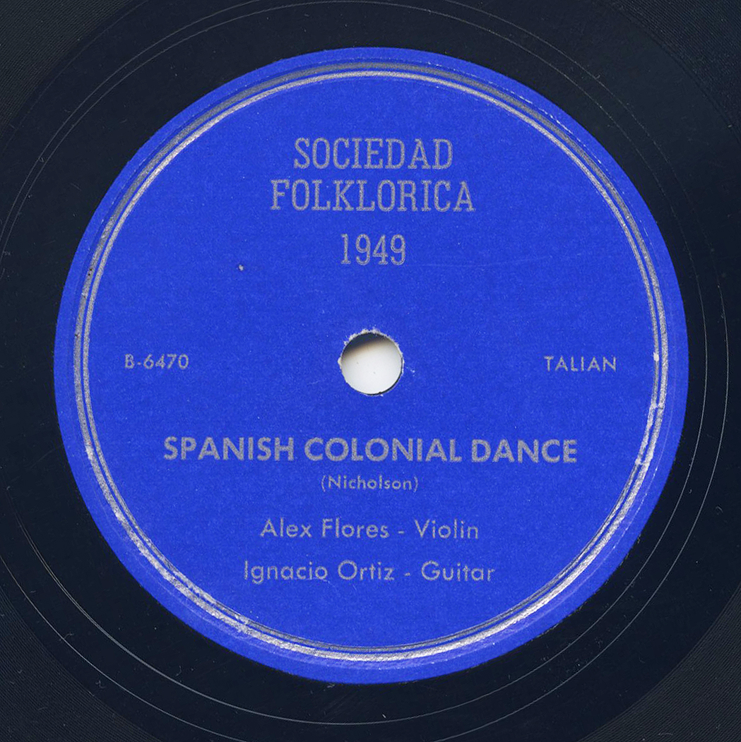 The group also produced two 12” discs with all four sides labeled as “Spanish Colonial Dance,” performed by Alejandro “Alex” Flores on violin and Ignacio Ortiz on guitar. I suspect the 12” format was preferred so the dances could be extended as long as possible, as each side is about four minutes long. The records appear to have been available only through the “music committee” of the Society and through word of mouth, and were first mentioned in late October of 1949 in the local newspaper. This is the only copy I’ve come across, and it features both an indita, a broad song descriptor that indicates a connectivity between Native Americans and “Hispanos”; and a taleán (or “talian” on the label – and there’s some indication that the song type may be Italian in origin), sometimes called a “weaving dance.” (The second disc features a cuna and a paso doble.)
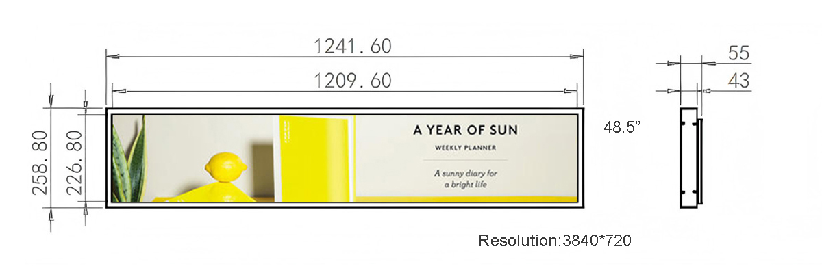 48.5 Inch Metal Stretched LCD Display Display area:1209.6*226.8mm Resolution:1920*360/3840*720 The material of shell:Metal
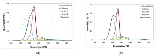 In addition, this technique is used to study the decomposition of the different components of lignocellulosic biomass—hemicelluloses, cellulose, and lignin [2,40]—and determine the kinetic parameters, such as activation energy (Ea), pre-exponential factor (K0), and pyrolysis heterogeneity factor (α). Table 6 shows the kinetic parameters obtained from the deconvolutions carried out on the DTG curves (Figure 5). These kinetic parameters are in agreement with those published [53,54,55,56,57]. From the area obtained in the integration of each curve associated with the decomposition of the biopolymers, the biocomposition of each of the samples is determined considering their carbonisation performance (Table 6). In the case of lignin decomposition, due to the high heterogeneity of the reaction, the calculation is carried out using two independent pyrolyses: the first one for lignin decomposes at low temperatures (LT) and the second one for lignin decomposes at high temperatures (HT), the second one being the most heterogeneous.
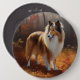 Rough Collie im Herbst Leaves Fall Inspiriert Button
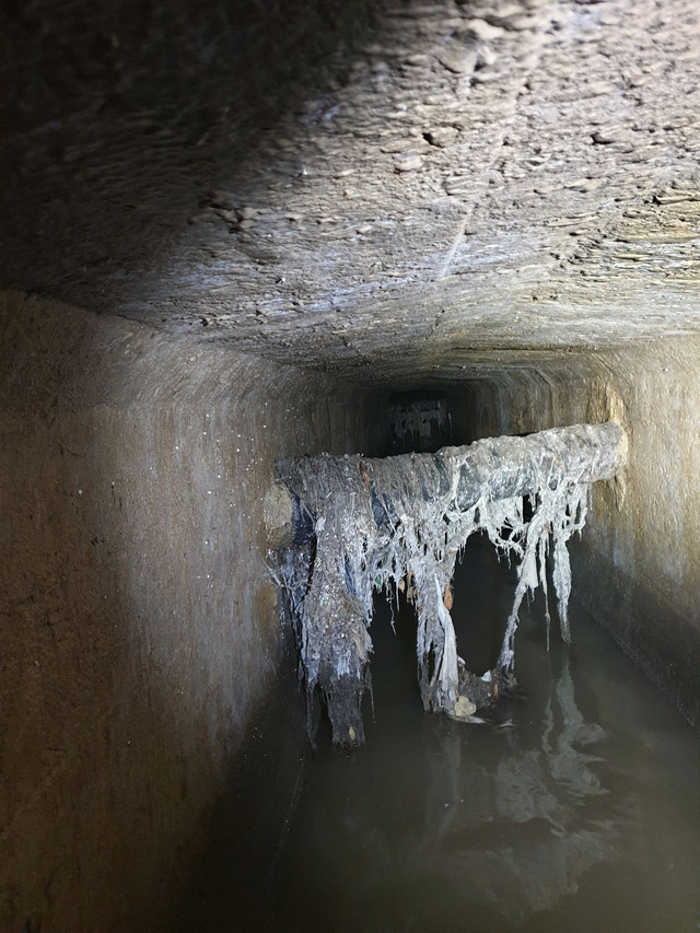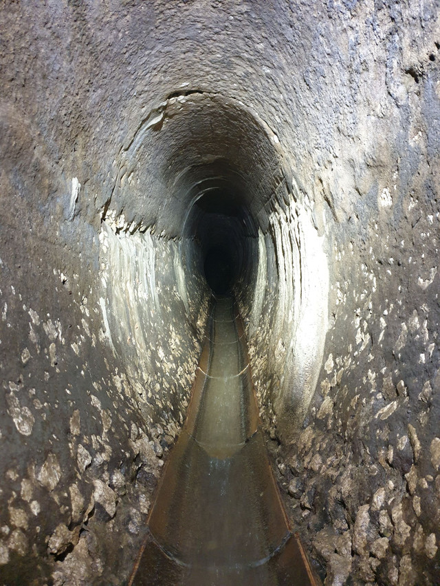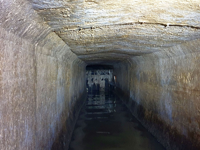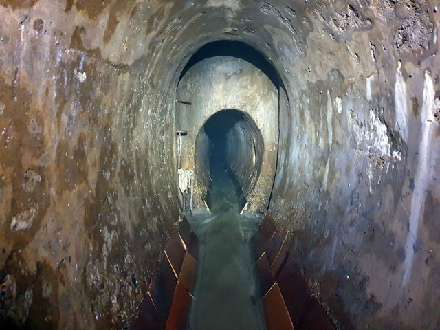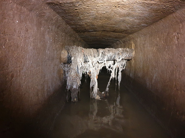 Зрештою прийшлося всю увагу зосередити на дні та на своїх ногах. Я старався не послизнутися та не впасти. А також не порвати бахіли. То ж, непомітно для себе, я наблизився до невеличкого Полтвопаду. Він був штучний. Кілька великих брил лежали на дні. Вони заважали воді текти. Утворилася загата і шум води йшов саме від неї. На жаль, звична ситуація у Львівському колекторі.
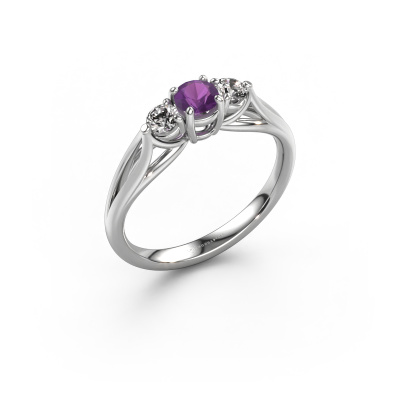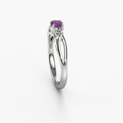 Dieser Ring aus 14 Karat Weißgold heißt Amie RND und hat 4.2 mm Amethyst. Dieser zierliche 14 Karat Weißgold 3-stone Verlobungsring ist ein wahres Kunstwerk! Die Ornamente werden mit viel Geduld und großer Leidenschaft gefertigt. Um diesen Ring mit großer Präzision zu schaffen, erfordert dieses Handwerk ein scharfes Auge und eine geschickte Hand. Eine Herausforderung, die bei unseren erfahrenen Juwelieren ein Feuer entfacht. Die exquisiten Amethysten sind auf eine besondere Art und Weise gefasst, so dass sie noch mehr hervorstechen. Dies verleiht dem Ring eine noch glamourösere Erscheinung. Der Ring an sich ist schon wegen der Edelsteine einzigartig, die wir speziell für diesen Ring auswählen. Obendrein wählen Sie die Edelmetalle aus, mit denen Ihr einzigartiger Ring für die außergewöhnlichste Frau Ihres Lebens gemacht wird! Jedes Schmuckstück wird hergestellt mit Leidenschaft und Liebe, von einem unserer Meister-Goldschmiede.Da wir unsere eigenen Ringe entwerfen und liefern, können wir Ihnen einen Verlobungsring zu einem Preis anbieten, den Sie nirgendwo anders finden. Ein Ring wird auf Bestellung angefertigt, wodurch kein überschüssiges Material anfällt. So können wir Ihnen ein gutes Angebot zum besten Preis machen. Wir verstehen, dass es sich riskant anfühlt, Ihren Verlobungsring online zu kaufen. Jedoch helfen wir Ihnen gerne beim Designprozess unter Berücksichtigung Ihres Budgets.Unsere Designer und Goldschmiede arbeiten jeden Tag zusammen und versuchen, neue Schmuckstücke zu kreieren. Vielleicht haben Sie irgendwo einen schönen, klassische Verlobungsring gefunden, nach dem Ihr einzigartiger Ring gestaltet werden kann. Setzen Sie sich mit uns in Verbindung. Wir machen Ihnen ein Angebot, basierend auf einem fairen Preis/Leistungsverhältnis, das Sie begeistern wird.Um es einfacher zu machen, bieten wir eine kostenlose 30-tägige Rücksendung.
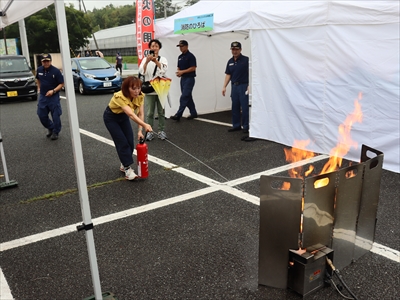 消火体験、大型化学車・救急車の展示を行いました。実際に水消火器で火を消したり、普段間近で見ることのできない車両に大勢の来場者が興味を持ち、双葉消防職員より説明を聞き地域住民との交流の場となりました。
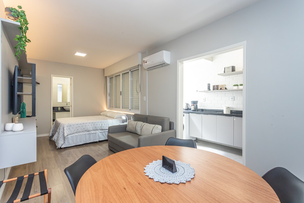 Garsonjera z vrhunskim dekorjem, zasnovana za kratkotrajno ali dolgotrajno bivanje. Idealno za pare, prosti čas ali poslovne potnike. Nahaja se v Porto Alegreju, blizu lekarn, pekarn in tržnic, poleg tega pa ponuja enostaven dostop do glavnih znamenitosti mesta. Nahaja se v eni najbolj cenjenih regij Porto Alegre in ima vso infrastrukturo, ki zagotavlja udobno in prijetno bivanje. Z veseljem vas bom sprejel.
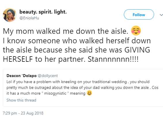 And the new bride replied: “My mom walked me down the aisle. ?? I know someone who walked herself down the aisle because she said she was GIVING HERSELF to her partner. Stannnnnnn!!!!”
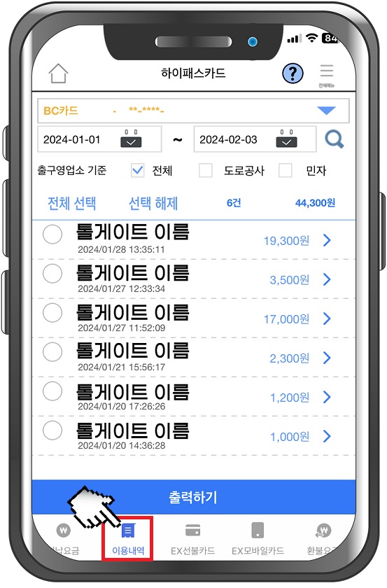 하이패스 이용내역에서 확인한 44,300원과 카드사 결제예상금액이 일치합니다.
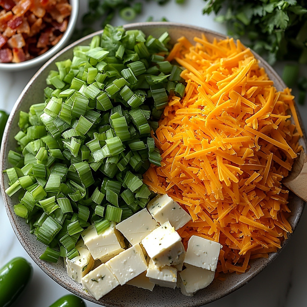 - Make the Cheese Filling: In a large mixing bowl, combine the cream cheese, shredded Colby Jack cheese, shredded cheddar cheese, garlic powder, ranch seasoning, and chopped green onions. Mix thoroughly until well incorporated.
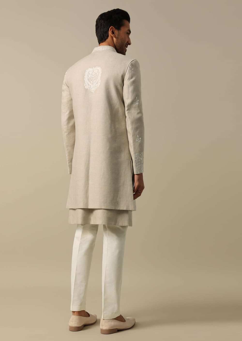 Beige Linen Indowestern Sherwani Set
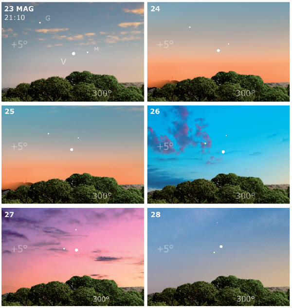 Dal 23 al 28 maggio, i riquadri descrivono ogni due giorni le posizioni dei pianeti come apparirebbero a un osservatore ad occhio nudo che, in quelle sere, guardasse verso ovest appena dopo il tramonto (l’orario prescelto è all’incirca quello delle 21:10, quando il Sole sarà sotto l’orizzonte di 6°). Come si può vedere, il 26 i tre pianeti assumeranno la formazione di un triangolo (quasi) equilatero, con Venere distante 1,8° da Mercurio e 2,2° da Giove, e Mercurio 2,5° distante da Giove. Considerando i massimi reciproci avvicinamenti, il 27 Venere sarà 1,3° a sud di Mercurio, mentre il 28 sarà 1° a nordovest di Giove (tutto in riferimento altazimutale).
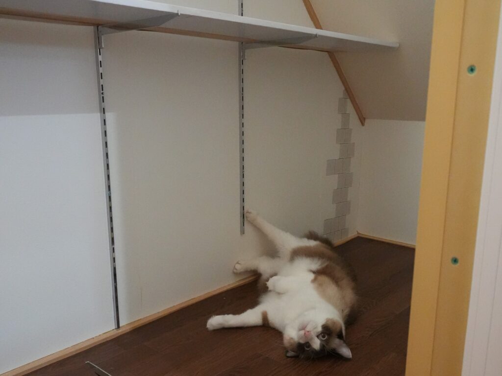 棚受けと棚板を設置する
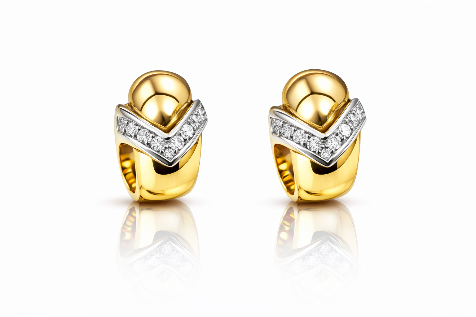 Designed to feel effortless yet striking, these earrings transition seamlessly from day to evening—minimal in form, powerful in presence. The polished gold embraces the diamonds in a clean, architectural design that speaks to contemporary luxury while remaining forever classic.
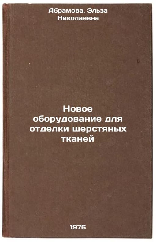 In Russian. Abramova, Elsa Nikolaevna. New equipment for finishing wool fabrics. Moscow: Light Industry, 1976. Novoe oborudovanie dlya otdelki sherstyanykh tkaney. In Russian /New equipment for finishing wool fabrics . All images are for identification of editions only. Several books of the same edition may be available. Please feel free to request photos of available books. SKU7663445
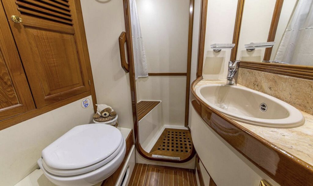 The yacht has 4 luxurious air-conditioned double cabins, each with private shower and toilet.
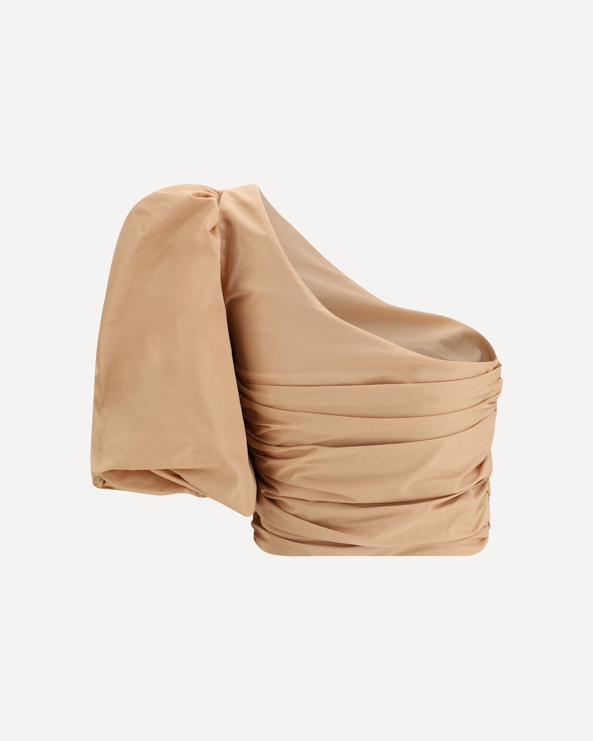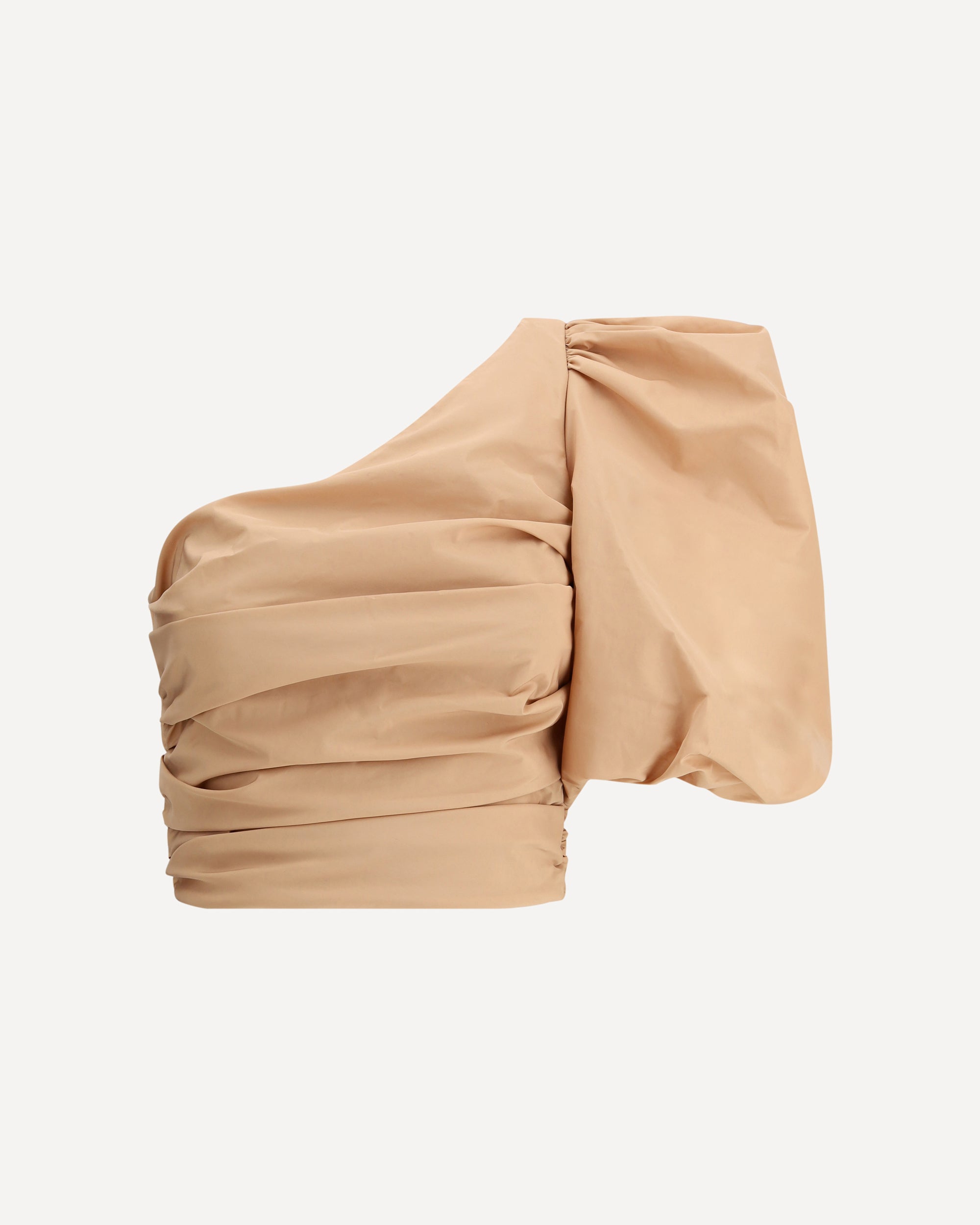 The Pinko One-Shoulder Top is a bold and sophisticated piece, perfect for special occasions or elegant evenings. The cropped model and the gathered effect add a touch of dynamism and modernity, while the balloon one-shoulder creates a unique and feminine silhouette. The side zip closure ensures a perfect fit, while the innovative design and asymmetrical cut make it a piece with great visual impact.
++++++
Output nothing but the entries above, exactly, once the pictures are removed.

Solved problem:
 The group also produced two 12” discs with all four sides labeled as “Spanish Colonial Dance,” performed by Alejandro “Alex” Flores on violin and Ignacio Ortiz on guitar. I suspect the 12” format was preferred so the dances could be extended as long as possible, as each side is about four minutes long. The records appear to have been available only through the “music committee” of the Society and through word of mouth, and were first mentioned in late October of 1949 in the local newspaper. This is the only copy I’ve come across, and it features both an indita, a broad song descriptor that indicates a connectivity between Native Americans and “Hispanos”; and a taleán (or “talian” on the label – and there’s some indication that the song type may be Italian in origin), sometimes called a “weaving dance.” (The second disc features a cuna and a paso doble.)
 48.5 Inch Metal Stretched LCD Display Display area:1209.6*226.8mm Resolution:1920*360/3840*720 The material of shell:Metal
 In addition, this technique is used to study the decomposition of the different components of lignocellulosic biomass—hemicelluloses, cellulose, and lignin [2,40]—and determine the kinetic parameters, such as activation energy (Ea), pre-exponential factor (K0), and pyrolysis heterogeneity factor (α). Table 6 shows the kinetic parameters obtained from the deconvolutions carried out on the DTG curves (Figure 5). These kinetic parameters are in agreement with those published [53,54,55,56,57]. From the area obtained in the integration of each curve associated with the decomposition of the biopolymers, the biocomposition of each of the samples is determined considering their carbonisation performance (Table 6). In the case of lignin decomposition, due to the high heterogeneity of the reaction, the calculation is carried out using two independent pyrolyses: the first one for lignin decomposes at low temperatures (LT) and the second one for lignin decomposes at high temperatures (HT), the second one being the most heterogeneous.
 Rough Collie im Herbst Leaves Fall Inspiriert Button
 Зрештою прийшлося всю увагу зосередити на дні та на своїх ногах. Я старався не послизнутися та не впасти. А також не порвати бахіли. То ж, непомітно для себе, я наблизився до невеличкого Полтвопаду. Він був штучний. Кілька великих брил лежали на дні. Вони заважали воді текти. Утворилася загата і шум води йшов саме від неї. На жаль, звична ситуація у Львівському колекторі.
 Dieser Ring aus 14 Karat Weißgold heißt Amie RND und hat 4.2 mm Amethyst. Dieser zierliche 14 Karat Weißgold 3-stone Verlobungsring ist ein wahres Kunstwerk! Die Ornamente werden mit viel Geduld und großer Leidenschaft gefertigt. Um diesen Ring mit großer Präzision zu schaffen, erfordert dieses Handwerk ein scharfes Auge und eine geschickte Hand. Eine Herausforderung, die bei unseren erfahrenen Juwelieren ein Feuer entfacht. Die exquisiten Amethysten sind auf eine besondere Art und Weise gefasst, so dass sie noch mehr hervorstechen. Dies verleiht dem Ring eine noch glamourösere Erscheinung. Der Ring an sich ist schon wegen der Edelsteine einzigartig, die wir speziell für diesen Ring auswählen. Obendrein wählen Sie die Edelmetalle aus, mit denen Ihr einzigartiger Ring für die außergewöhnlichste Frau Ihres Lebens gemacht wird! Jedes Schmuckstück wird hergestellt mit Leidenschaft und Liebe, von einem unserer Meister-Goldschmiede.Da wir unsere eigenen Ringe entwerfen und liefern, können wir Ihnen einen Verlobungsring zu einem Preis anbieten, den Sie nirgendwo anders finden. Ein Ring wird auf Bestellung angefertigt, wodurch kein überschüssiges Material anfällt. So können wir Ihnen ein gutes Angebot zum besten Preis machen. Wir verstehen, dass es sich riskant anfühlt, Ihren Verlobungsring online zu kaufen. Jedoch helfen wir Ihnen gerne beim Designprozess unter Berücksichtigung Ihres Budgets.Unsere Designer und Goldschmiede arbeiten jeden Tag zusammen und versuchen, neue Schmuckstücke zu kreieren. Vielleicht haben Sie irgendwo einen schönen, klassische Verlobungsring gefunden, nach dem Ihr einzigartiger Ring gestaltet werden kann. Setzen Sie sich mit uns in Verbindung. Wir machen Ihnen ein Angebot, basierend auf einem fairen Preis/Leistungsverhältnis, das Sie begeistern wird.Um es einfacher zu machen, bieten wir eine kostenlose 30-tägige Rücksendung.
 消火体験、大型化学車・救急車の展示を行いました。実際に水消火器で火を消したり、普段間近で見ることのできない車両に大勢の来場者が興味を持ち、双葉消防職員より説明を聞き地域住民との交流の場となりました。
 Garsonjera z vrhunskim dekorjem, zasnovana za kratkotrajno ali dolgotrajno bivanje. Idealno za pare, prosti čas ali poslovne potnike. Nahaja se v Porto Alegreju, blizu lekarn, pekarn in tržnic, poleg tega pa ponuja enostaven dostop do glavnih znamenitosti mesta. Nahaja se v eni najbolj cenjenih regij Porto Alegre in ima vso infrastrukturo, ki zagotavlja udobno in prijetno bivanje. Z veseljem vas bom sprejel.
 And the new bride replied: “My mom walked me down the aisle. ?? I know someone who walked herself down the aisle because she said she was GIVING HERSELF to her partner. Stannnnnnn!!!!”
 하이패스 이용내역에서 확인한 44,300원과 카드사 결제예상금액이 일치합니다.
 - Make the Cheese Filling: In a large mixing bowl, combine the cream cheese, shredded Colby Jack cheese, shredded cheddar cheese, garlic powder, ranch seasoning, and chopped green onions. Mix thoroughly until well incorporated.
 Beige Linen Indowestern Sherwani Set
 Dal 23 al 28 maggio, i riquadri descrivono ogni due giorni le posizioni dei pianeti come apparirebbero a un osservatore ad occhio nudo che, in quelle sere, guardasse verso ovest appena dopo il tramonto (l’orario prescelto è all’incirca quello delle 21:10, quando il Sole sarà sotto l’orizzonte di 6°). Come si può vedere, il 26 i tre pianeti assumeranno la formazione di un triangolo (quasi) equilatero, con Venere distante 1,8° da Mercurio e 2,2° da Giove, e Mercurio 2,5° distante da Giove. Considerando i massimi reciproci avvicinamenti, il 27 Venere sarà 1,3° a sud di Mercurio, mentre il 28 sarà 1° a nordovest di Giove (tutto in riferimento altazimutale).
 棚受けと棚板を設置する
 Designed to feel effortless yet striking, these earrings transition seamlessly from day to evening—minimal in form, powerful in presence. The polished gold embraces the diamonds in a clean, architectural design that speaks to contemporary luxury while remaining forever classic.
 In Russian. Abramova, Elsa Nikolaevna. New equipment for finishing wool fabrics. Moscow: Light Industry, 1976. Novoe oborudovanie dlya otdelki sherstyanykh tkaney. In Russian /New equipment for finishing wool fabrics . All images are for identification of editions only. Several books of the same edition may be available. Please feel free to request photos of available books. SKU7663445
 The yacht has 4 luxurious air-conditioned double cabins, each with private shower and toilet.
 The Pinko One-Shoulder Top is a bold and sophisticated piece, perfect for special occasions or elegant evenings. The cropped model and the gathered effect add a touch of dynamism and modernity, while the balloon one-shoulder creates a unique and feminine silhouette. The side zip closure ensures a perfect fit, while the innovative design and asymmetrical cut make it a piece with great visual impact.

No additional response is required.